Theory of the Dynamization of Medicine


It is impossible so to separate the dynamization theory from the doctrines respecting the doses as to be able to treat of the one without reference to the other….


The dynamization theory not essential to homoeopathy-Hahnemann first hint of it-Solution increases the power of the drug by bringing it to bear on more points of the living fibre-Difference between the action of a hard, dry pill and a solution of the same medicine-Medicine act dynamically not atomically-Hahnemann asserts the greater power of the smaller portion of medicine in solution-Curious piece of dynamical arithmetic-An imitation of Brown’s scale of excitability-Futility of all such calculations- Further development of the dynamization theory- Wonderful effects of succession and trituration-The homoeopathic attenuations are said not to weaken but to exalt the medicinal power-The power of the attenuation proportioned to the number of succussions they have received-His fear of over-succussing-No need for dilution- He loses his fear for hyper dynamizing-Wonderful effects of dynamizing-Frequent alteration of Hahnemann’s views-His disciples better the instruction of the master-Korsakoff’s infected globules- Hahnemann’s reply to Korsakoff-Gross gives his adhesions to Korsakoff- And goes beyond him-Plaubel is favourable to infection-Jenichen’s high potencies-Disclosure of his undivulged secret-Plumbum the beginning and the end of Jenichen’s celebrity-Gross becomes Jenichen’s trumpeter-Boenninghausen kills two dogs without a stone-Hering’s Hahnemannism-His aerial potencies-Tietze ascribes dynamization to electricity- Investigations with the microscope-Segin’s investigations- Mayrhofer’s observations- Microscopic appearance of attenuations of gold, silver, mercury, iron, lead copper, tin, zinc, arsenic- mayrhofer’s deductions-Koch’s examination of mercury-Rummel’s illusions with the 200th dilution.

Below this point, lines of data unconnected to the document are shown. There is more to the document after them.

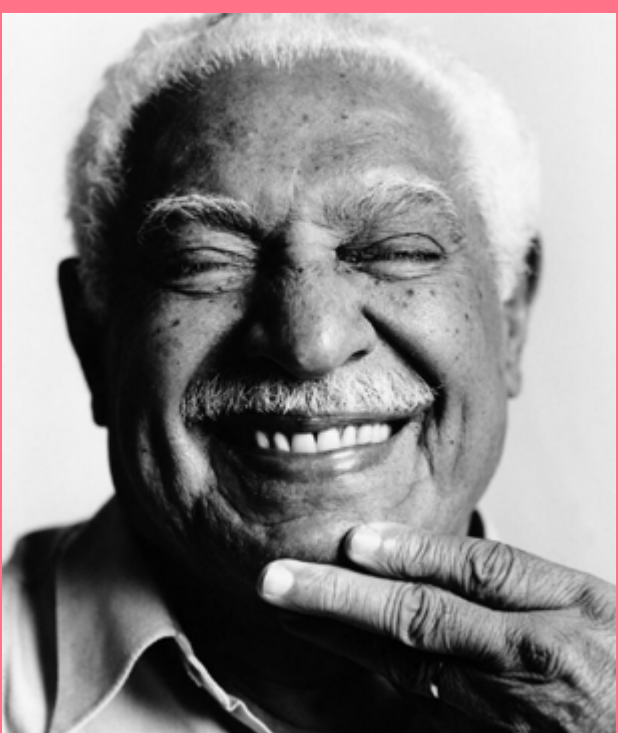
Dorival Caymmi (1914-2008) composição

Dorival Caymmi foi um cantor e compositor brasileiro. Suas letras e melodias retratam o mar, os pescadores, o dia a dia do povo, a graça das mulheres e a divindade dos orixás, constituindo um canto de profundo amor à Bahia. Entre suas canções de sucesso estão Samba da Minha Terra , Marina , Samba da Bahia , O Dengo que a Nega Tem e Saudade de Itapoã .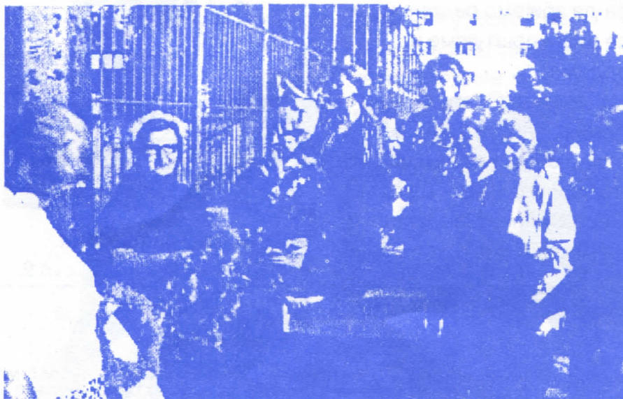
Чланице Кола Српских сестара

Светковине и обичаји око Ивањдана спадају у ред најживописнијих.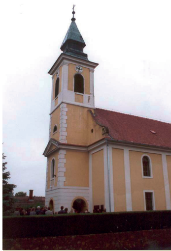
A történelmi eseményeknek helyet adó iharosberényi evangélikus templom.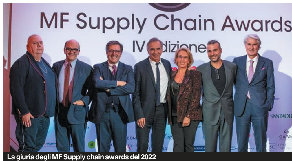
La giuria degli MF Supply chain awards del 2022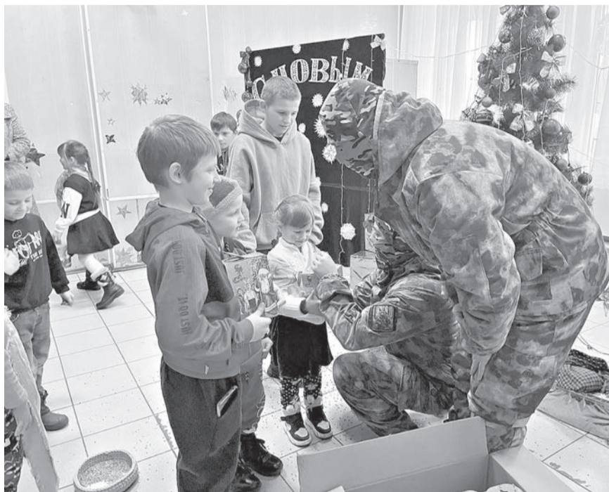
ФОТО: СОЦИАЛЬНО-РЕАБИЛИТАЦИОННЫЙ ЦЕНТР ДЛЯ НЕСОВЕРШЕННОЛЕТНИХ

IN former lectures I have already warned you that we should find that Hahnemann had aggregated round the homoeopathic principle a number of theories and doctrines which had been disputed by many of his disciples, and which might all be proved to be utterly valueless., without detracting in the slightest degree from the truth and excellence of the homoeopathic principle.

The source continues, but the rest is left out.